The transition from prefill to decode happens at a specific place. When prefill completes, the model has built the full substrate and produced a final hidden state at the last position in the composed sequence. That hidden state is what gets passed through the language model head to produce the first generated token. Decode does not launch from the middle of the substrate. It launches from the end — from the position the active user prompt occupies.

This makes the active user prompt's position the launchpad. Its tokens have just been processed in the immediate context of everything that preceded them — the system prompt's framing, the retrieved content, the tool output, the conversation history. The K and V vectors at the active user prompt's positions are computed having seen the richest preceding context the substrate ever provides. And the hidden state at the final token of the active user prompt is what shapes the first token of generation, the second, and the trajectory of everything that follows.

The system prompt and the active user prompt are the two structural poles of the composition. The system prompt is the foundation. The active user prompt is the launchpad. Both exert outsized influence on what the model produces, but they do so in different ways — the system prompt shapes the substrate that the launchpad launches from.
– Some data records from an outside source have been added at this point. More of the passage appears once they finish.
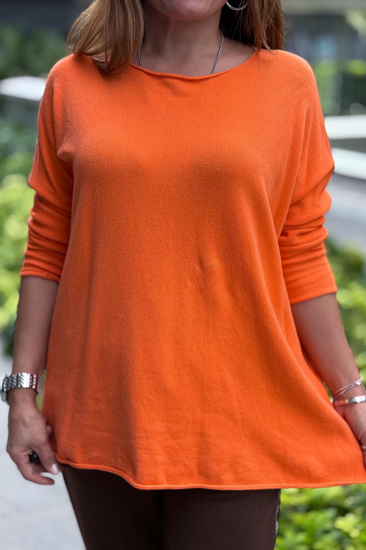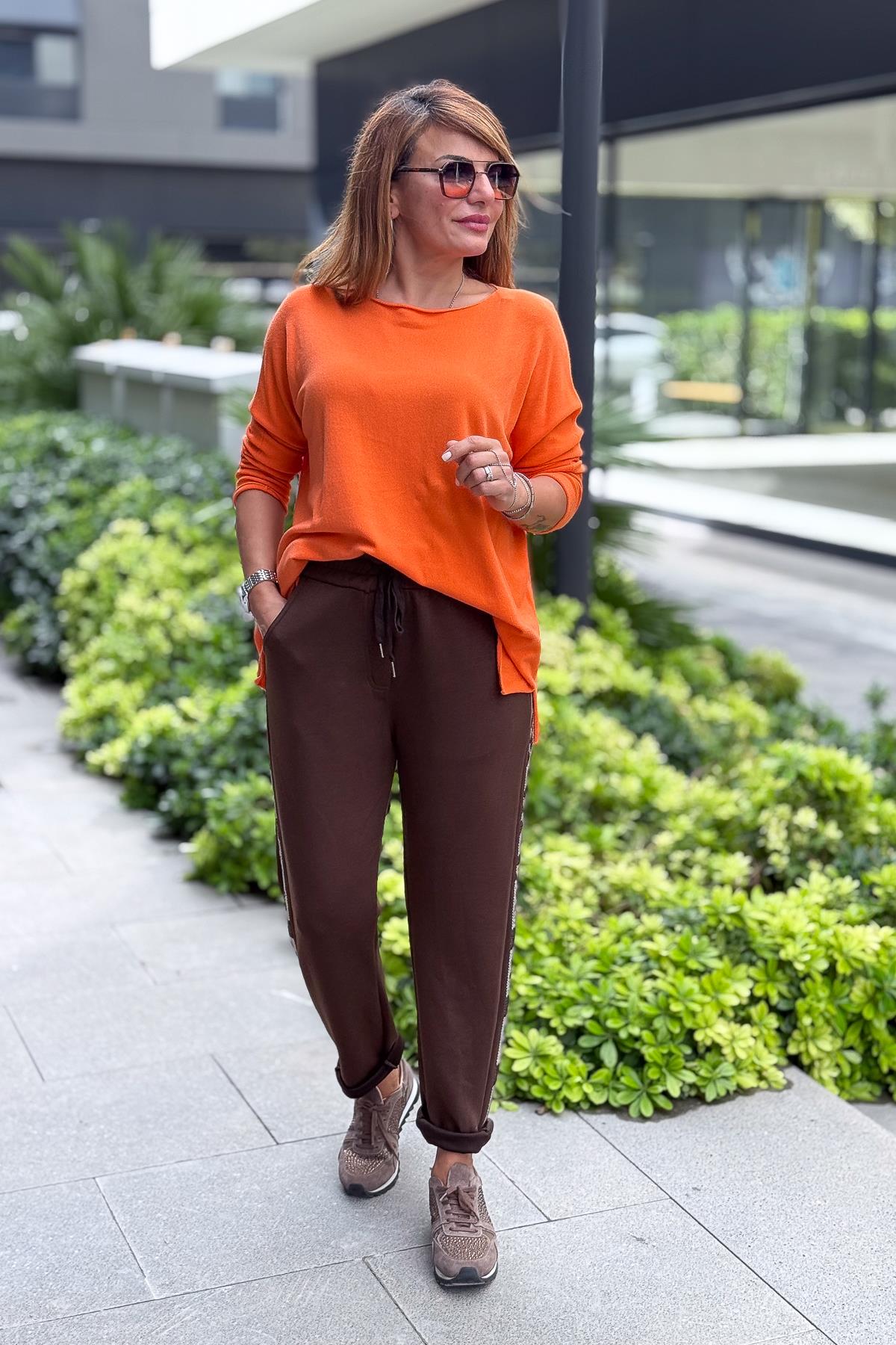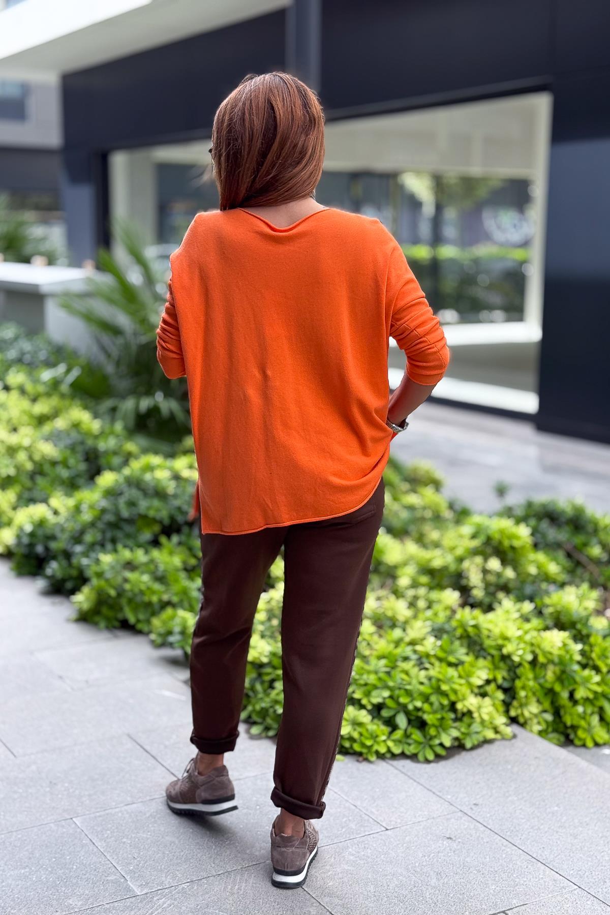 Kayık Yaka Kuzu Yünü Triko Turuncu Renk
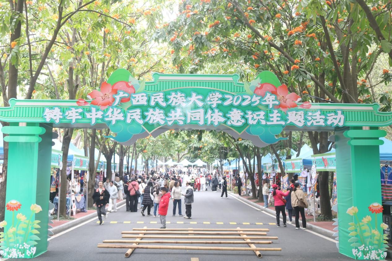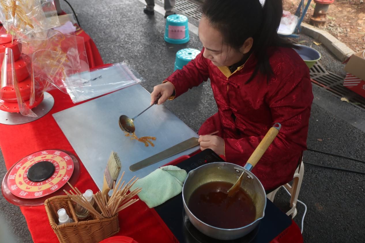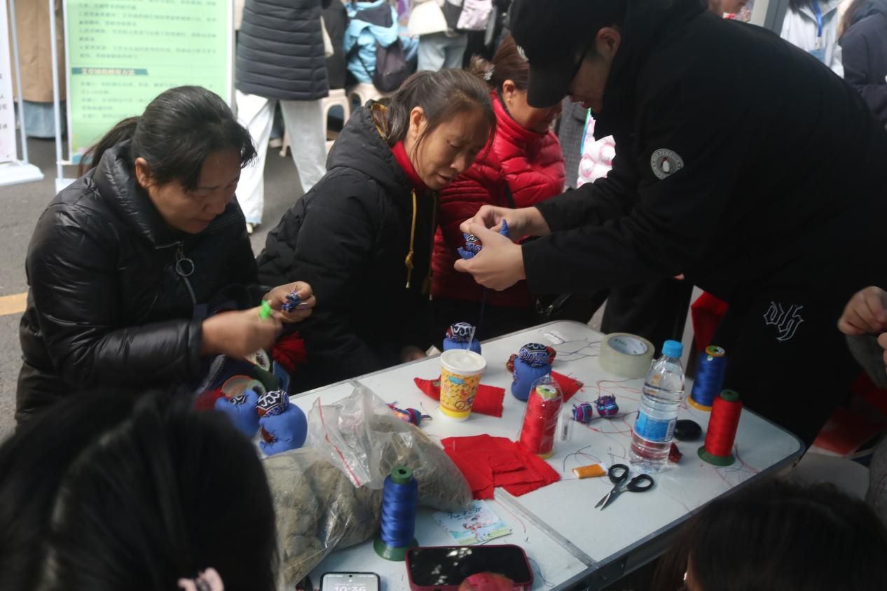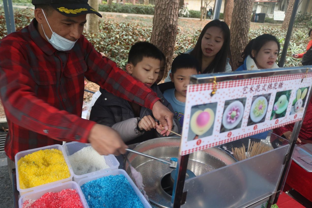 铸牢中华民族共同体意识主题活动现场上,我院负责开展民族非遗制作活动,摊位设置了糖葫芦、棉花糖、麽乜制作等民俗体验项目,吸引师生踊跃参与。活动现场热闹非凡,同学们热情高涨,沉浸式体验丰富多彩的民族非遗制作。在棉花糖制作区域,五彩的糖在师傅手中变化为糖花,同学们认真观看和学习棉花糖的制作过程。在制作麽乜区域,师生们一同挑选壮族锦绣,精心裁剪、缝制。师生们在品尝美食和制作非遗工艺品中领略民族文化魅力。
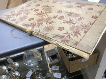 ° Dillon, F Drawings by Japanese Artists. Reproduced and Coloured in fac-simile by the Autotype Process. With Letter Press Descriptions. illus. 9 (of 15) colour plates. title+16pp. + 9 (of 15) descriptive text leaves. Original decorative cloth portfolio boards with gilt lettering and floral motifs. 1880
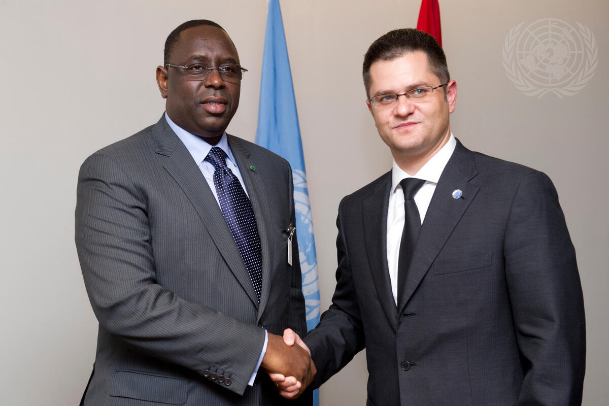 Vuk Jeremic (right), President of the sixty-seventh session of the General Assembly, meets with Macky Sall, President of the Republic of Senegal, President of Senegal.

This positioning is not arbitrary. The chat template places the active user prompt at the launchpad because that input is what the model needs to respond to. The user types something, hits send, and the substrate is composed so that what they typed is exactly where decode will launch from.

The Composed Substrate

The substrate that emerges from prefill in a typical chat session has a recognizable structure. The system prompt anchors the foundation. Dynamic content — retrieved material, tool output, or both — occupies positions in the middle. Conversation history accumulates as the session progresses. The active user prompt sits at the launchpad, immediately preceding the launch of decode.

This is what the context engineer produces for a chat session: a composed sequence assembled from multiple sources, anchored by the foundation at one pole and the launchpad at the other.